INSTRUCTIONS FOR THE TASK
Everything in the records below from the line containing "Lateral da caixa" through the line containing "Equip your bike" is to be reproduced exactly, those two lines included; no picture is to be copied.

EXERCISE DATA
========

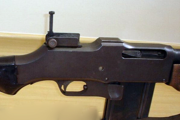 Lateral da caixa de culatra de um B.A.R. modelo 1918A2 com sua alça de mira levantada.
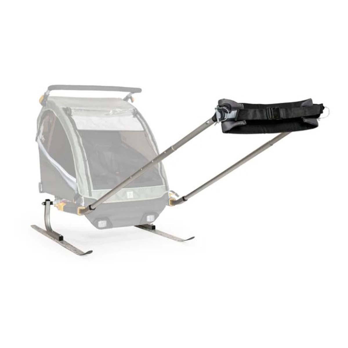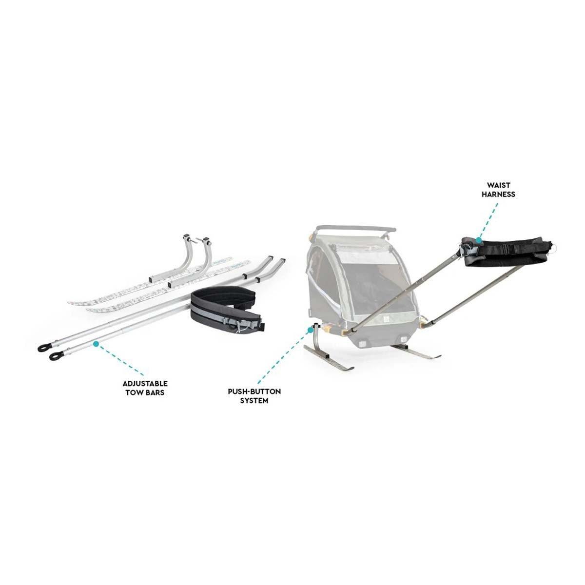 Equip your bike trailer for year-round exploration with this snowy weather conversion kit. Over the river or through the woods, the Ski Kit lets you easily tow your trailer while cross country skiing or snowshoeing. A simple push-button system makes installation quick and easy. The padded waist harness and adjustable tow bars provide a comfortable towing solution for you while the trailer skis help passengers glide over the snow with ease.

========

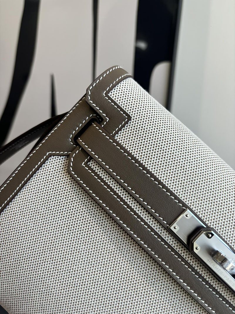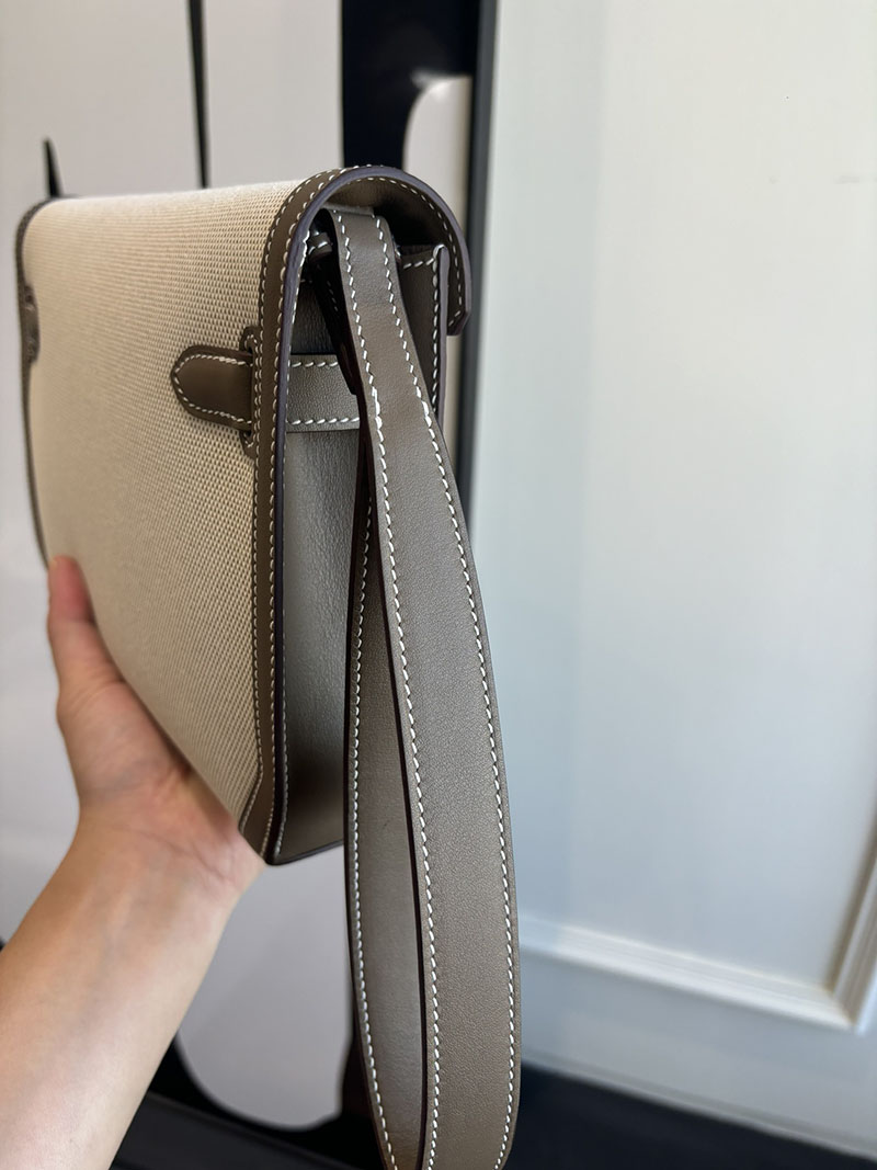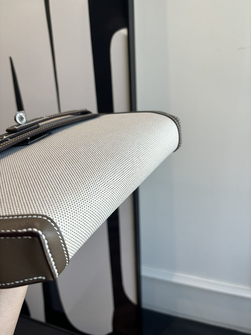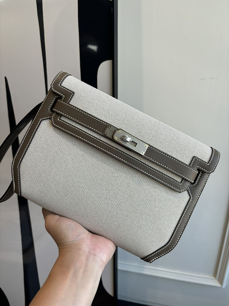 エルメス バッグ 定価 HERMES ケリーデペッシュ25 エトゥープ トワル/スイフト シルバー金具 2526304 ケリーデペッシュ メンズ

========

OUTPUT OF THE TASK
 Lateral da caixa de culatra de um B.A.R. modelo 1918A2 com sua alça de mira levantada.
 Equip your bike trailer for year-round exploration with this snowy weather conversion kit. Over the river or through the woods, the Ski Kit lets you easily tow your trailer while cross country skiing or snowshoeing. A simple push-button system makes installation quick and easy. The padded waist harness and adjustable tow bars provide a comfortable towing solution for you while the trailer skis help passengers glide over the snow with ease.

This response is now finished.